_Stored entries_
+-------+

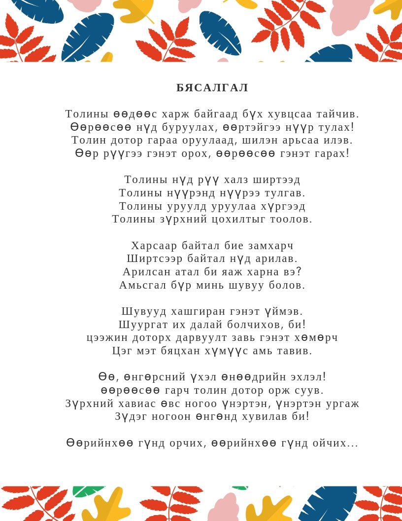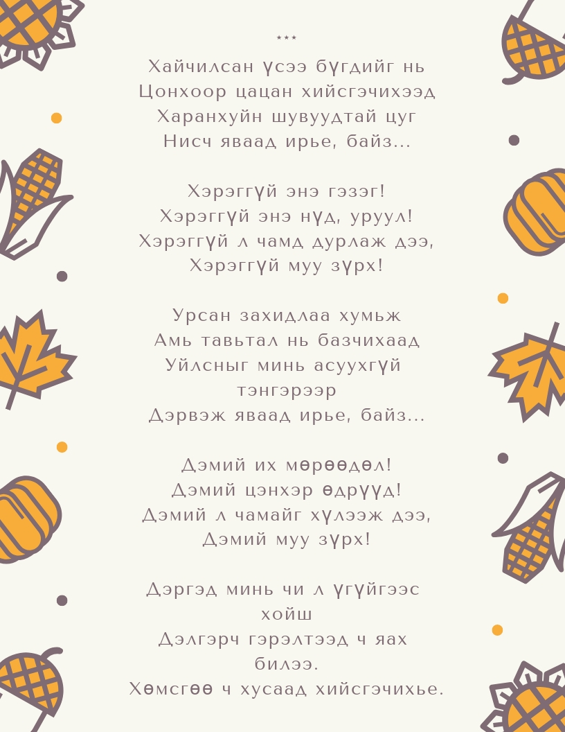 Зохиолч, яруу найрагч Л.Өлзийтөгсийн 2015 онд уншигчдын гарт хүрсэн "Толинд туссан будда" яруу найргийн номоос онцлох таван шүлгийг хүргэж байна.
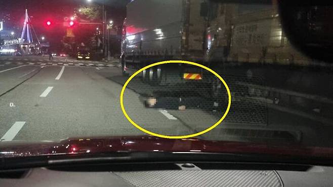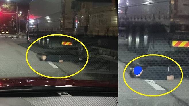 A 씨가 공개한 사진에는 한 남성이 대형 트럭 두 대 사이에 누운 채 머리는 차선에 걸치고 위험하게 잠을 자고 있었습니다.
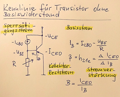 Die Kollektor-Basis-Strecke ist in Sperrichtung des PN-Übergangs gepolt, es fließt ein Sperrsättigungsstrom -ICB0. Dieser enthält nur Ladungsträger aus der thermischen Leitfähigkeit des Halbleitermaterials, ist nahezu konstant, aber stark abhängig von der Kristalltemperatur (so ähnlich wie ein Heißleiter). Wir haben da also eine Konstantstromquelle, solange die Temperatureinflüsse ausgeklammert werden.
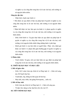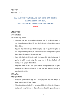 Giáo án Bài 13: Quyền và nghĩa vụ của công dân trong bảo vệ di sản văn hoá KTPL 12 Chân trời sáng tạo
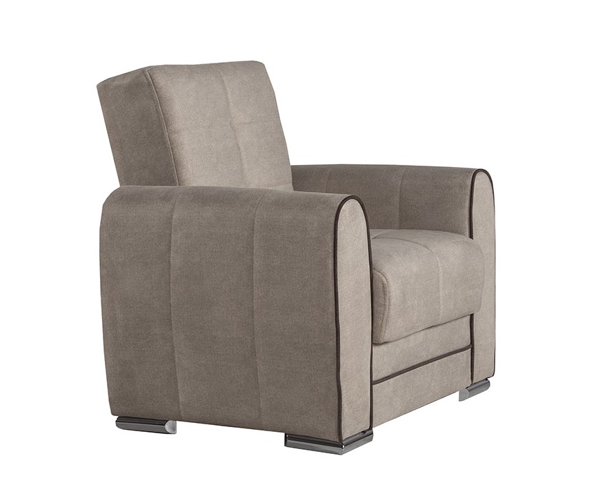 Pohodlné rozkladacie kreslo ASLAN s funkciou spania a úložným priestorom bude praktickým kúskom do každého interiéru. Kreslo je ideálne pre každodenný odpočinok. Za komfort sedenia a spania sú zodpovedné pružiny Bonnell a vysoko kvalitná PUR pena. ÚLOŽNÝ PRIESTOR pod sedákom poskytuje dostatok priestoru pre uskladnenie posteľnej bielizne či prikrývok. Kreslo je čalúnené kvalitnou poťahovou látkou v béžovej farbe a stojí na chrómových nožičkách.Špecifikácia:ložná plocha po rozložení: 115 x 58 cmcelkové rozmery: D:98 / Š:83 / V:91 cmDodávame v demonte.Ku kreslu je možné dokúpiť aj trojsedák/pohovku ASLAN.
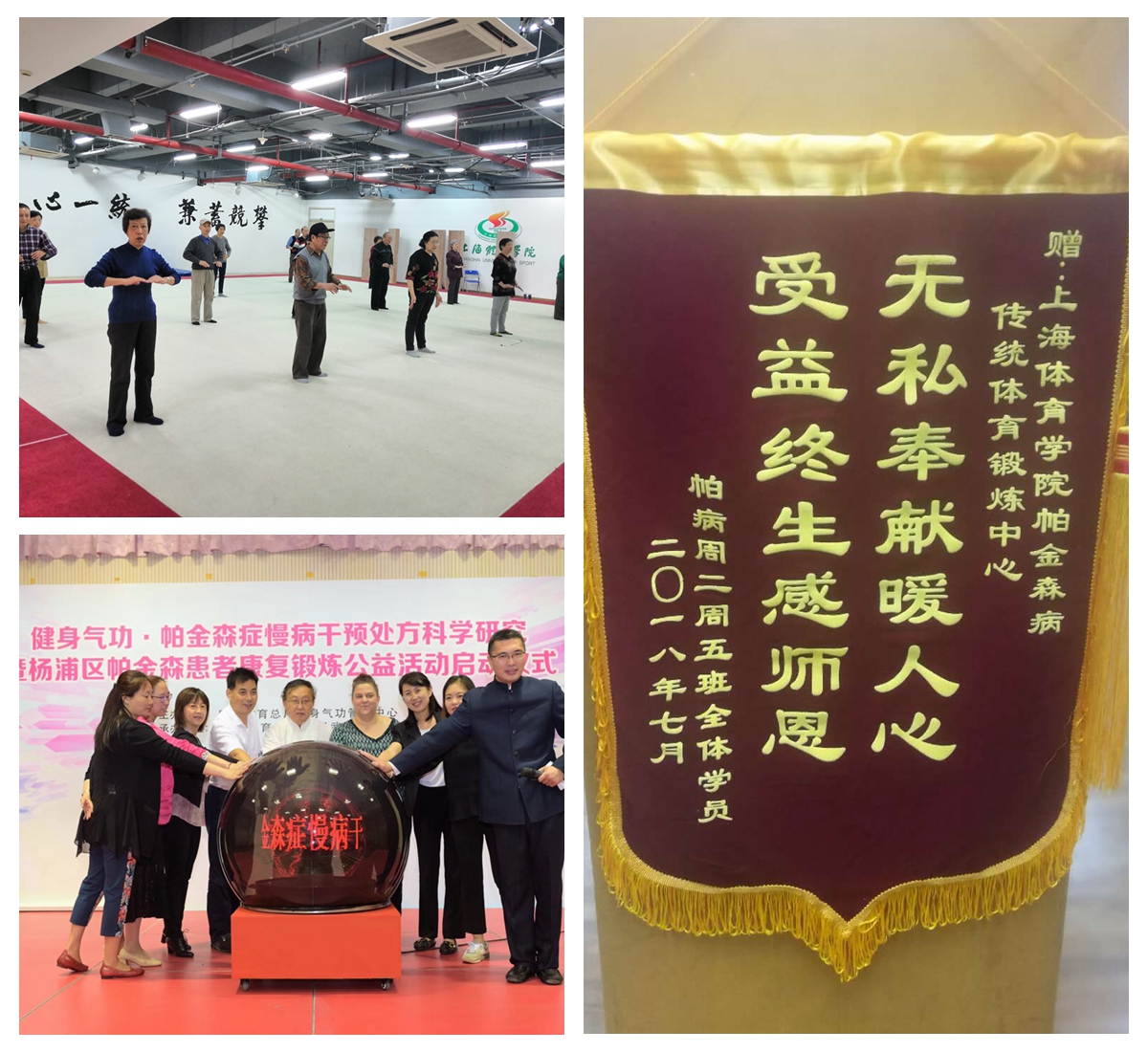 “帕金森康复训练营”是武术学院王震老师和他的研究生志愿者们在2016年6月2日创办的,运动科学学院庄洁老师和韩甲老师先后加入了这个公益活动,这个活动还得到了新华医院神经内科主任刘振国教授团队的大力支持。该项目从中国传统体育文化出发,主要从国家体育总局推广的健身气功中选取了若干针对帕金森患者病理症状编制的运动处方进行锻炼。以科学的数据与技术运用到帕金森患者的康复锻炼中,累积服务人数达到300余人,取得了显著成效,受到帕友们的认可。
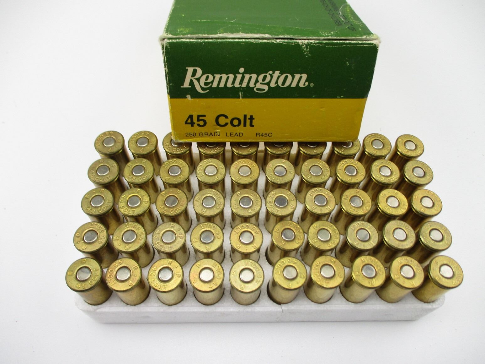 REMINGTON .45 COLT AMMO , 50 RNDS, LEAD, SOME CORROSION. , THERE ARE NEW SHIPPING RESTRICTIONS, PLEASE MAKE SURE YOU HAVE READ AND CONFIRMED WE CAN SHIP TO YOU BEFORE BIDDING ON THIS LOT. PLEASE SEE LOT 0 IN THIS SESSION. NO REFUNDS WILL BE ISSUED, OR BIDS RETRACTED.
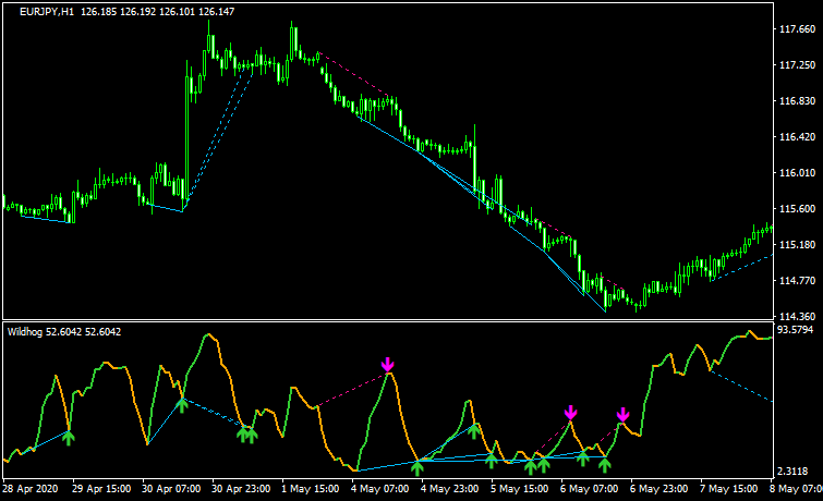 Wildhogは、現在のレートがレンジ幅の中でどれくらいの位置にあるのかを示すシンプルなオシレーターです。
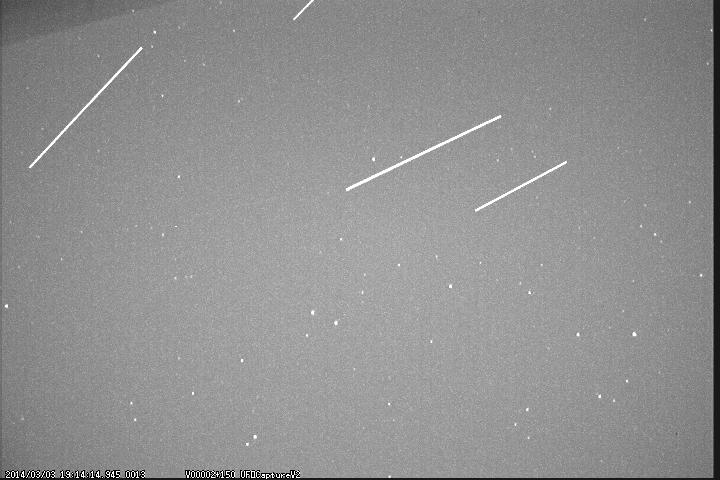 2014年3月3日19:14:14JSに望遠レンズ(f 12mm、視野31×23°)の視野内に4機の人工衛星が写り
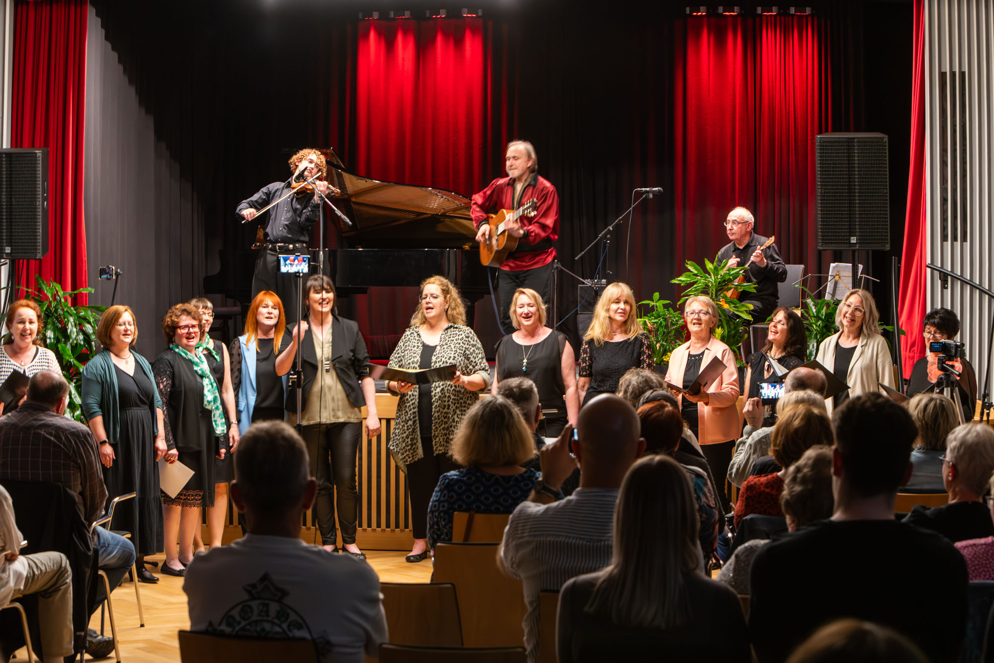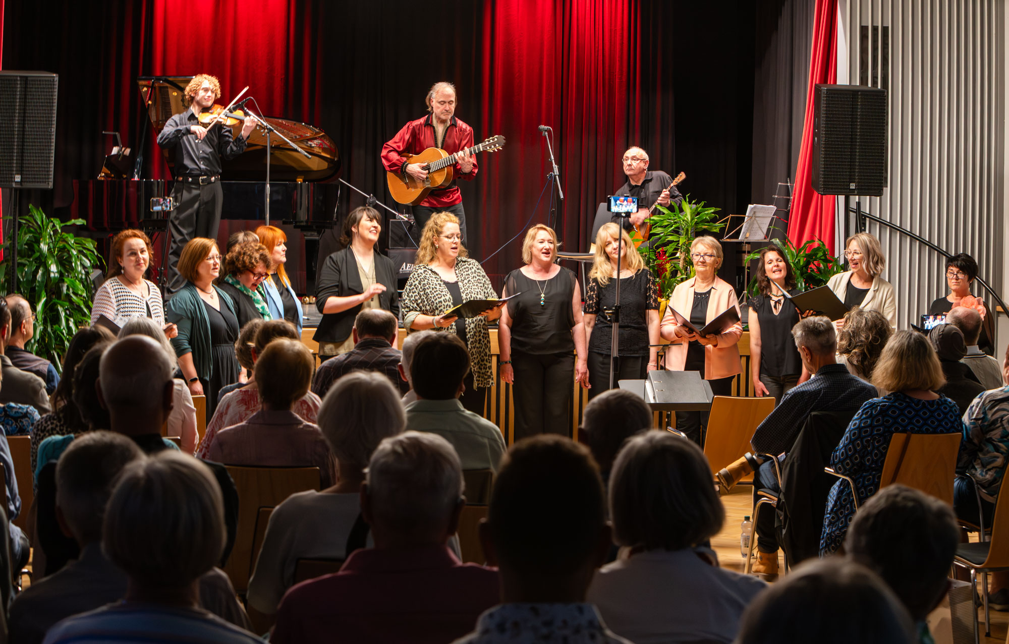 Zum Schluss des Programms formierten sich nochmals die „Kraichgau Singers“ vor der Bühne und sangen – begleitet von zwei Geigen, einer Balalaika und einer Gitarre – John Lennons Hit „Imagine“. Nelli fungierte dabei einmal mehr als Solistin. Das Publikum ging anschließend dankbar nach Hause. Niemand beschwerte sich darüber, dass die Veranstaltung mit einer knappen halben Stunde Verspätung endete, offenbar haben die Besucherinnen und Besucher die „Feurige Abendmusik“ uneingeschränkt genossen....
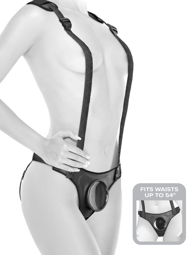 The comfortable strap-on harness Body Dock Strap-On Suspenders from pipedream is quickly put on ready for unlimited thrusting pleasure. The model has padded suspenders for a secure and comfortable fit even during the wildest action. The suspenders can be adjusted in length and even removed.

+-------+

Copy the lines above exactly, starting with the line that contains "Die Kollektor-Basis-Strecke ist" and ending with the line that contains "Giáo án Bài", and leave out any pictures.

 Die Kollektor-Basis-Strecke ist in Sperrichtung des PN-Übergangs gepolt, es fließt ein Sperrsättigungsstrom -ICB0. Dieser enthält nur Ladungsträger aus der thermischen Leitfähigkeit des Halbleitermaterials, ist nahezu konstant, aber stark abhängig von der Kristalltemperatur (so ähnlich wie ein Heißleiter). Wir haben da also eine Konstantstromquelle, solange die Temperatureinflüsse ausgeklammert werden.
 Giáo án Bài 13: Quyền và nghĩa vụ của công dân trong bảo vệ di sản văn hoá KTPL 12 Chân trời sáng tạo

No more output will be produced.